- Kariyan Location within Iran
- Coordinates: 26°57′20″N 57°13′05″E﻿ / ﻿26.95556°N 57.21806°E
- Country: Iran
- Province: Hormozgan
- County: Minab
- District: Kariyan
- Rural District: Kariyan

Population (2016)
- • Total: 5,000
- Time zone: UTC+3:30 (IRST)

= Kariyan, Hormozgan =

Village in Hormozgan province, Iran

Kariyan (كريان) (Note: Also romanized as Kareyān, Karian, Karīān, and Karīyan; also known as Kariūn) is a village in, and the former capital of, Kariyan Rural District of Kariyan District, Minab County, Hormozgan province, Iran, serving as capital of the district. The capital of the rural district has been transferred to the village of Ravang.

==Demographics==
===Population===
At the time of the 2006 National Census, the village's population wa 4,340 in 818 households, when it was in the Central District. The following census in 2011 counted 4,306 people in 1,113 households. The 2016 census measured the population of the village as 5,000 people in 1,369 households. It was the most populous village in its rural district.

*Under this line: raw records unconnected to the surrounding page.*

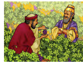
📖 1 Rois 21.2-3

- « Pourquoi es-tu de si mauvaise humeur et refuses-tu de manger ? »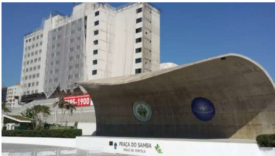
Figura 6: Praça de Eventos do Parque de Madureira

Além desses espaços específicos e privados, o samba ganhou um espaço público mais sofisticado, em que o poder público buscou a tradição cultural local como motivo para que um novo espaço construído fosse apropriado com maior intensidade pelo público: o grande palco do Parque de Madureira. A construção de uma grande praça de eventos, com um palco de grandes dimensões trouxe o incentivo governamental para o samba local. Essa ideia é reforçada ao se verificar a colocação dos emblemas das duas escolas de samba ao fundo do palco, mostrando de maneira simbólica a importância do samba em Madureira, e a apropriação do poder público dessa imagem para uma obra que inaugurava em um contexto de mostrar a valorização dos subúrbios, em um momento de obras olímpicas em toda a cidade. Ao trazer o samba e sua mais perfeita tradução, com duas tradicionais escolas, o Parque buscou se aproximar da cultura local, e criar um espaço de apresentação de grandes atrações musicais, e um espaço de lazer reforçado pela presença de bares em torno dessa área do parque.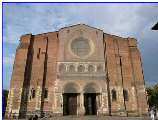
Basilica de Saint Sernin. Portada oeste.

La sobria fachada occidental de la iglesia muestra tres niveles en altura, la portada de acceso de dos arcos de medio punto geminados, escoltada por dos estrechas ventanas de medio punto a cada lado, una galería de arcos de medio punto y un gran óculo central en el hastial de la fachada enmarcado por un gran arco apuntado de impronta gótica. La piedra destaca en la parte baja, especialmente en esquinales, arcos, columnas, en los arcos de la galería central y en el enmarque del óculo superior. Potentes contrafuertes de sección rectangular, que se retranquean en la parte superior, flanquean la portada. Sobre los dos arcos de medio punto que permiten el acceso a la basílica desde el oeste se aprecia un pequeño tejazoz o cornisa de piedra que apea sobre canecillos esculpidos.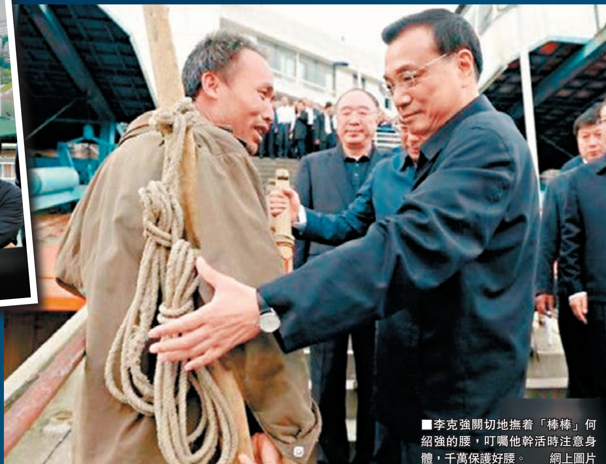
李克強關切地撫着「棒棒」何紹強的腰，叮囑他幹活時注意身體，千萬保護好腰。網上圖片

香港文匯報訊（記者 張蕊、孟冰 重慶報道）國務院總理李克強昨日視察重慶，在重慶萬州工業園視察企業，在萬州港口與「棒棒」們（碼頭搬運工）交談，乘船考察長江黃金水道。李克強在與「棒棒」交談時，強調「推動中國發展需要負重前行、爬坡越坎、敢於擔當、不負重托的『棒棒精神』。」這也是2012年11月中共十八大以來，首位赴渝考察的中央政治局常委。

After the census, the rural district was separated from the district in the establishment of Kariyan District.

== Background ==

Both famous poets and great poets come from the village of Kariyan . In the distant past, residents of nearby towns and villages used to travel to Kariyan for agriculture and a means of subsistence. Kariyan is one of the largest villages in Minab county. A unique and widespread language is used in the Kariyan elegy. Geographical location: the Kariyan dam, orchards, and agricultural farms are among the village's attractions. It is situated 20 kilometers southeast of Minab County. Watermelon, tomato, onion, eggplant, green pepper, cabbage, mulberry, tobacco, and snuff are among the agricultural products produced in this village. The village also has a large number of neighborhoods, including Khayari, Kalat, Hanai, Kolan, Shahguzan, Miromar, and Shabanee, among others.